Yerinsa memejamkan mata karena pandangan mendadak menguning akibat benturan beberapa saat lalu. Menutup setengah wajah dengan telapak tangan dan mengerang menahan sakit saat digotong ke sofa.

"Ibu," lirih Yerinsa perlahan membuka mata.

"Kenapa, Sayang? Apa sakit sekali? Tunggu sebentar, jangan menunduk, darahnya akan keluar lebih banyak," sahut Margareth lembut, mengusap helai rambut Yerinsa agar tidak terkena darah mimisan.

"Kapan pesta-"

"Nyonya, ini kotak pertolongan pertamanya."

Kalimat tanya Yerinsa diinterupsi oleh kedatangan seorang pelayan lain yang membawa kotak P3K terburu-buru, meletakkan di atas meja di depan sofa yang Yerinsa tiduri berbantal paha Margareth.

Kotak dibuka Margareth untuk mengeluarkan kapas dan tissue secukupnya, mengusap lembut aliran darah yang mengotori bawah hidung Yerinsa, hidung bangir itu memerah karena benturan.

Dalam diam Yerinsa mencoba menunggu hingga mimisan dihentikan, hidung disumbat dengan segulung kecil tissue. Baru beranjak duduk untuk berhadapan dengan Margareth.

"Bu," panggil Yerinsa pelan, dalam hati agak canggung.

"Ya?" Margareth menyahut sambil merapikan rambut Yerinsa ke belakang telinga.

"Kapan pesta pembukaan anak cabang perusahaan kolega Ayah?" tanya Yerinsa serius menatap sang ibu.

Margareth berkerut alis. "Pesta? Oh, undangan yang satu minggu lagi itu?" tanyanya memastikan.

"Jadi, satu minggu lagi, ya," gumam Yerinsa dengan pandangan turun ke lantai.

Di buku mengatakan saat pesta itu hanya Gabriella dan Ayahnya yang datang. Ibunya tidak, karena ada suatu urusan lain, tidak dijelaskan urusan apa itu.

"Apa Ibu akan hadir?" tanya Yerinsa mendesak, menatap Margareth kembali.

"Tidak. Kamu pasti lupa, acara itu bersamaan dengan jadwal pemeriksaanmu ke rumah sakit, Sayang. Jadi, hanya Ayah dan Gabby yang pergi, Ibu akan menemanimu," terang Margareth dengan gelengan kepala singkat dan senyum teduh.

Yerinsa mengerjab, jadi Margareth tidak bisa hadir ke pesta itu karna menemani anak lainnya ke rumah sakit, di novel tidak menjelaskan hal itu. Pantas saja Gabriella yang menggantikan posisi kehadiran Nyonya De Vries, karena sama-sama penting.

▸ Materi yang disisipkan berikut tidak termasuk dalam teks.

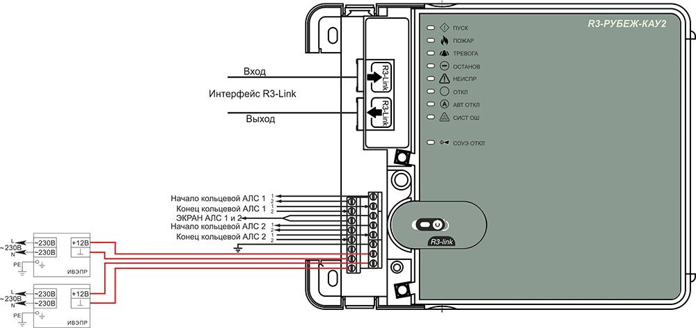 R3-Рубеж-КАУ2 контролирует адресные устройства по 2-м адресным линиям связи (АЛС) и позволяет работать с радиальными, кольцевыми, древовидными АЛС. Общая длина каждой АЛС – не более 3000 м. Имеется контроль АЛС на КЗ, обрыв, перегрузку, контроль исправности устройств в АЛС.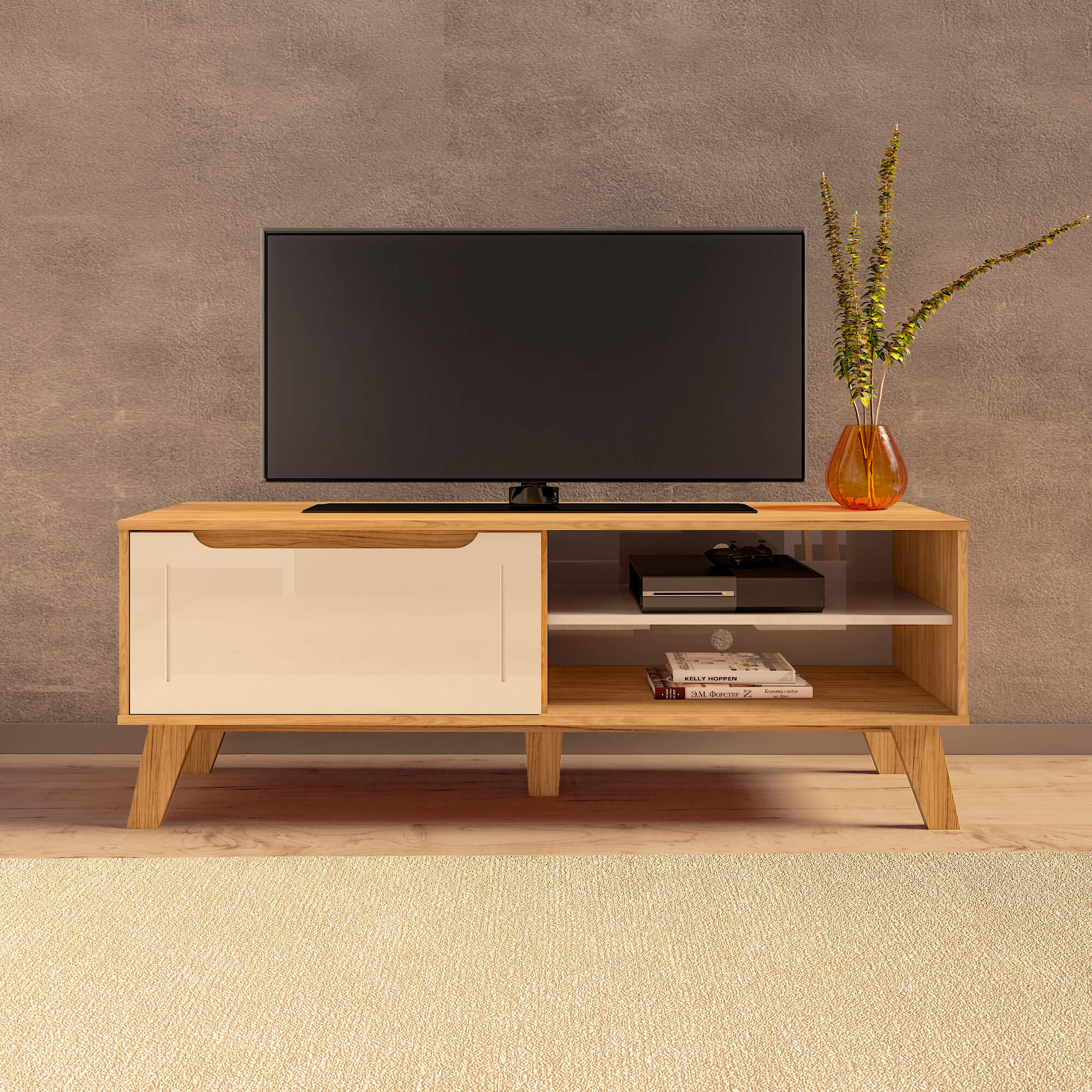 – O acabamento madeirado do móvel é feito em pintura UV texturizada, e o Off White é feito em pintura UV alto brilho, ambos de longa durabilidade e fácil limpeza.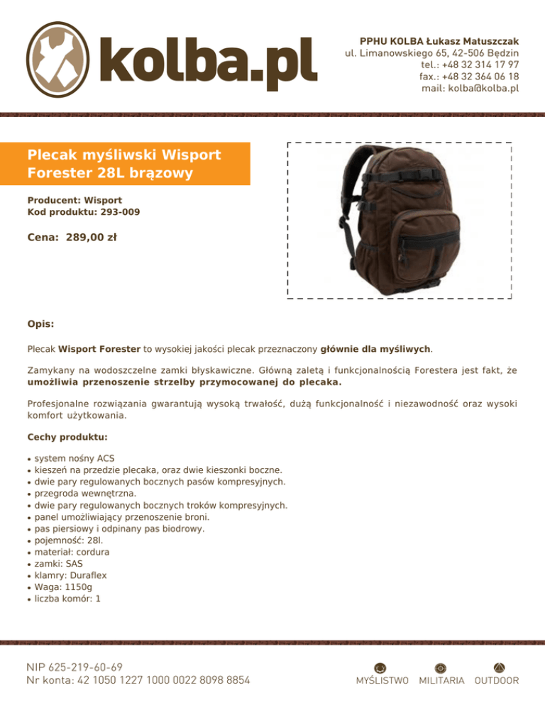 Plecak myśliwski Wisport Forester 28L brązowy Producent: Wisport Kod produktu: 293-009 Cena: 289,00 zł Opis: Plecak Wisport Forester to wysokiej jakości plecak przeznaczony głównie dla myśliwych. Zamykany na wodoszczelne zamki błyskawiczne. Główną zaletą i funkcjonalnością Forestera jest fakt, że umożliwia przenoszenie strzelby przymocowanej do plecaka. Profesjonalne rozwiązania gwarantują wysoką trwałość, dużą funkcjonalność i niezawodność oraz wysoki komfort użytkowania. Cechy produktu: ● ● ● ● ● ● ● ● ● ● ● ● ● system nośny ACS kieszeń na przedzie plecaka, oraz dwie kieszonki boczne. dwie pary regulowanych bocznych pasów kompresyjnych. przegroda wewnętrzna. dwie pary regulowanych bocznych troków kompresyjnych. panel umożliwiający przenoszenie broni. pas piersiowy i odpinany pas biodrowy. pojemność: 28l. materiał: cordura zamki: SAS klamry: Duraflex Waga: 1150g liczba komór: 1 ● ● ● liczba kieszeni: 4 wymiary: 50x27x23cm kolor: brązowy (w naszej ofercie dostępny również oliv) Producent: Wisport Gwarancja 5 lat.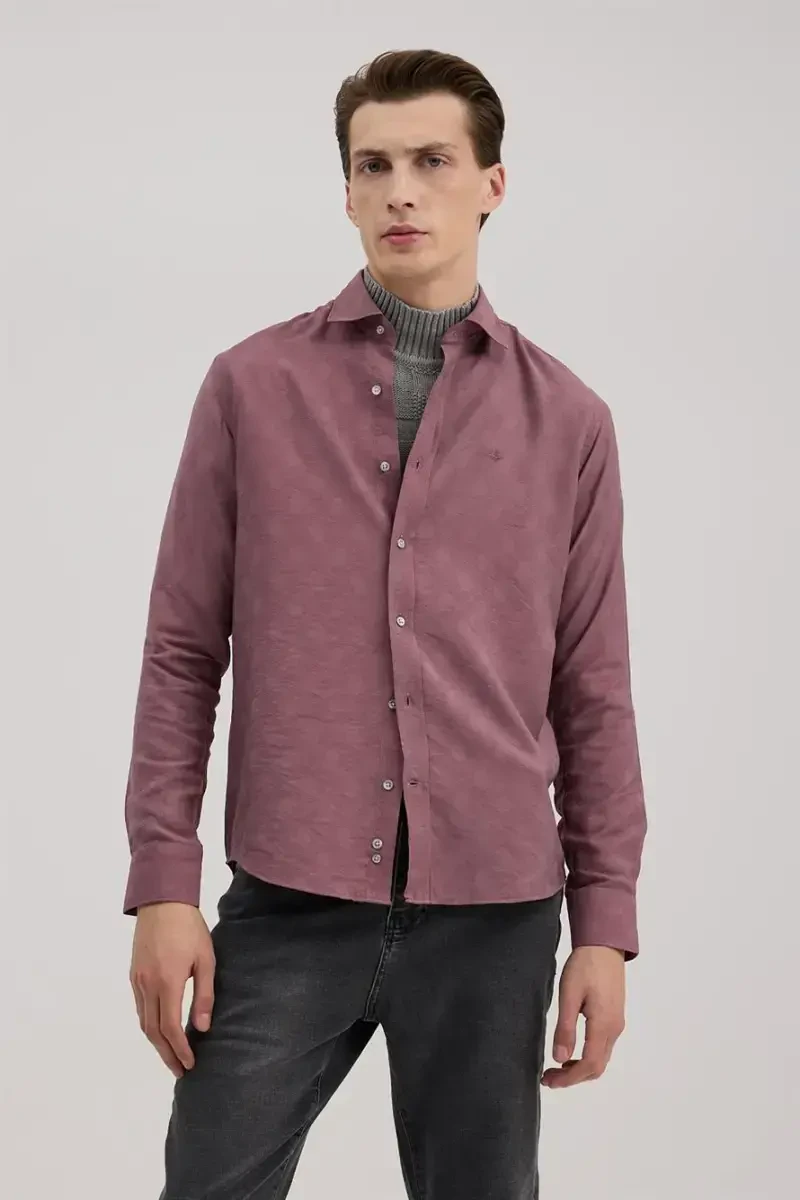 Gül kurusu ko'ylak, comfort fit, viskon ko'ylak, naqshli ko'ylak, uzun yengli ko'ylak, qulay ko'ylak, zamonaviy ko'ylak, kundalik ko'ylak, viskon aralashmasi, erkaklar ko'ylagi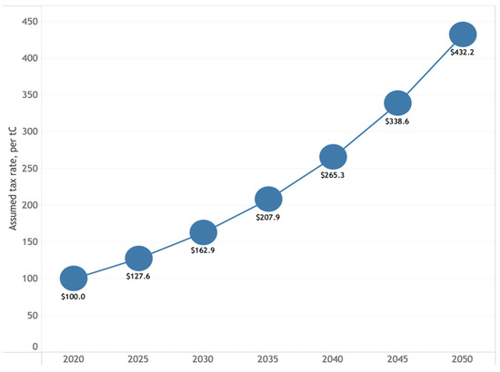 We build the emissions tax scenario by setting the tax to the equivalent of $27/tCO2 (or $100/tC), increasing by 5% annually. This annual increase has been used in other studies on carbon pricing [45]. Figure 2 displays the emissions tax at each stage of the model horizon.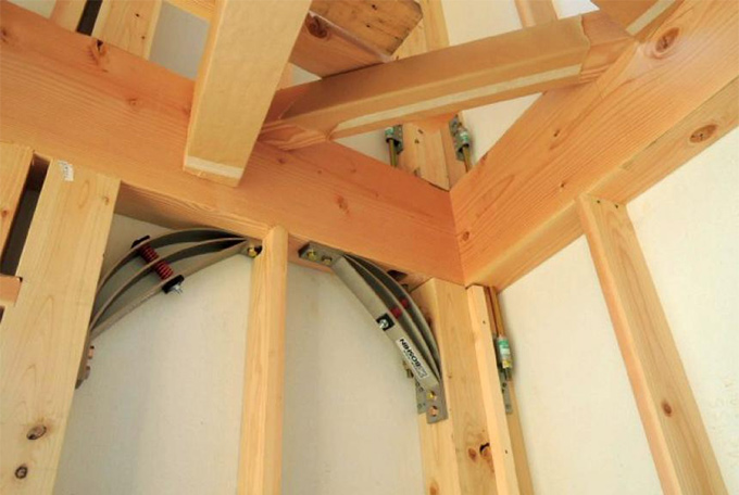 固めることにより壊れたものはもとに戻りませんが、アールの異なった3枚のバネは非常に壊れにくく、特に、速い速度を持つ力に対しては、より大きく抵抗しながら衝撃吸収能力を発揮します。柱に設置した左右、上下の3枚バネが互い違いに動くことで、倒れようとする力は元に戻ろうとする「復元力」となり、揺れを小さくする効果があるのです。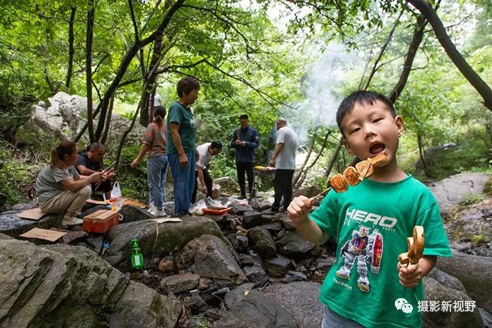 外地游客来到山沟沟,听泉鸣,吃烧烤,流连忘返,乐不思归。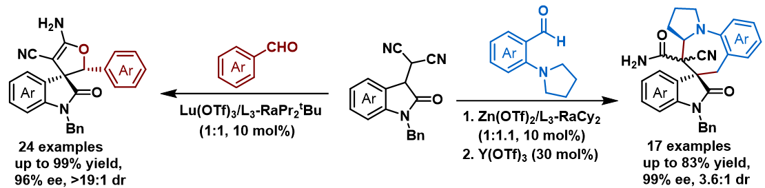 11.Zhu, C. H.#; Zhou, Y. Q.#; Zhang, J.; Li, J. F.; Zhang, Y. X.; Wang, F.; Feng, X. M.*; Dong, S. X.* Rare-Earth Metal Catalyzed Asymmetric Addition/Hydroamidination of Nitriles and Allylamines for the Concise Synthesis of Chiral Imidazolines. CCS Chem. 2025, 7, 148.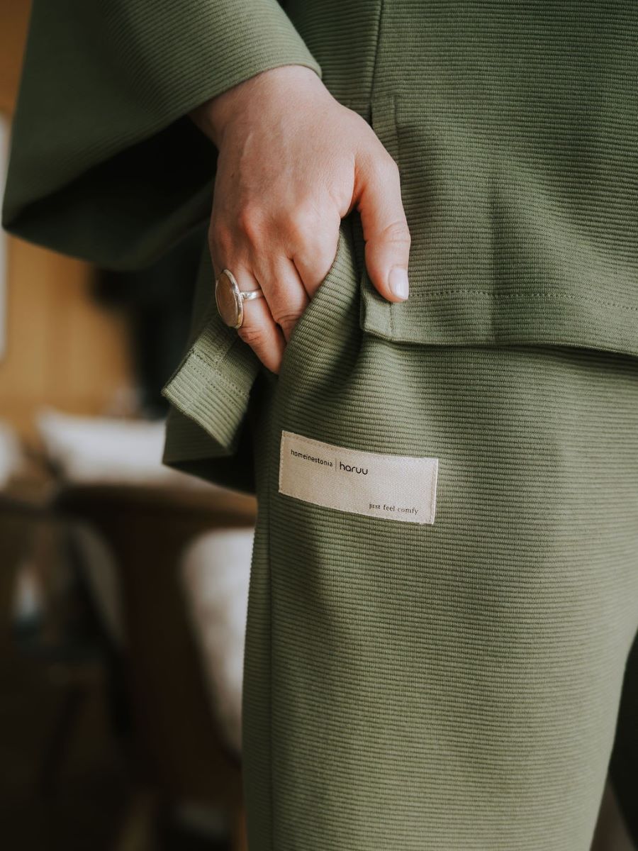 haruu x HomeInEstonia koostööst sündinud kollektsioon rõhutab lihtsust ja praktilisust, kuid ei tee järeleandmisi stiilis. See on täiuslik kombinatsioon mugavusest ja kvaliteedist, mis sobib ideaalselt nii kodus lõõgastumiseks, tööl kandmiseks kui ka pidulikumateks sündmusteks.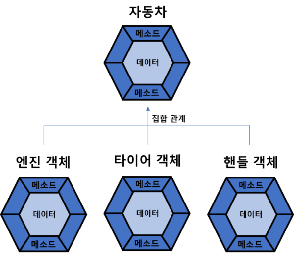 자동차와 이 부품들은 집합의 관계라고 볼 수 있다.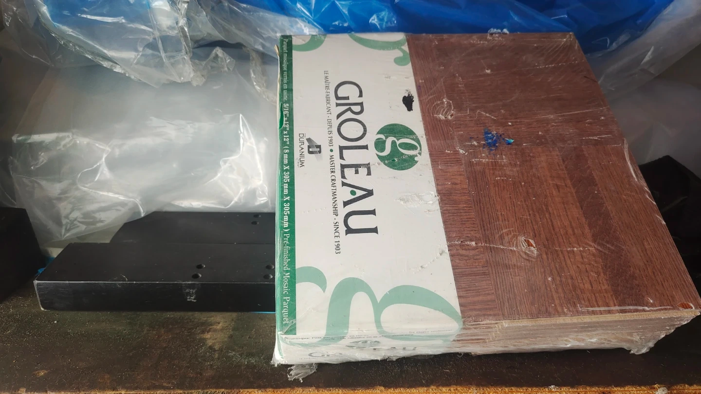 Selling Groleau Red Oak pre-finished mosaic parquetry. Each tile measures 5/16" x 12" x 12" (8 mm x 305 mm x 305 mm). Perfect for adding a touch of elegance to your space

Sebenarnya seberapa lemah tubuh ini?

Tidak hanya penyakitan, kehadiran karakter Yerinsa dalam novel hanya 0,1% saja. Itupun dia diceritakan mati di pertengahan buku karna digerogoti penyakit, entah apa nama penyakit kronis itu.

"Tidak bisakah pemeriksaanku dipercepat, lalu kita ikut hadir ke pesta itu? Bukankah aku sudah melakukan pemeriksaan kemarin?" tanya Yerinsa menekuk wajah, mencoba mengusulkan satu cara.

Untuk membuat Luga tidak jatuh cinta pada Gabriella, maka harus membuat mereka tidak saling tatap di pesta.

"Tentu saja tidak bisa, Dokter Demberrain terlalu sibuk hanya untuk mengatur ulang jadwal temu pasien, kita tidak bisa seenaknya mengacaukan jadwal. Lagipula, kenapa harus dipercepat? Apa ada sesuatu?" Margareth menjawab diakhiri bertanya lembut.

"Uh ... itu ... tidak apa-apa, aku hanya berpikir untuk ikut hadir ke pesta itu," gumam Yerinsa kikuk, memilih bermanja memeluk tubuh ramping sang ibu.

"Ah, jadi Yerin Ibu ingin ikut ke pesta. Itu hanya acara formal membosankan, tidak ada yang bisa kamu lihat," kata Margareth sambil mengusap lembut kepala sang anak.

Yerinsa tidak menjawab, hanya bergumam sambil memejamkan mata, merasakan usapan lembut itu membuatnya nyaman dalam pelukan sang ibu.

"Bu, apa aku pernah pergi ke pesta?" tanya Yerinsa setelah diam beberapa saat untuk berpikir.

Yerinsa tidak perlu kebingungan mencari alasan bertanya-tanya informasi acak karna dokter sudah mengatakan kehilangan sebagian ingatan. Jadi, mudah saja untuk Yerinsa mengetahui hal-hal biasa di keluarga ini, lebih tepatnya hal berkaitan dengan diri sendiri.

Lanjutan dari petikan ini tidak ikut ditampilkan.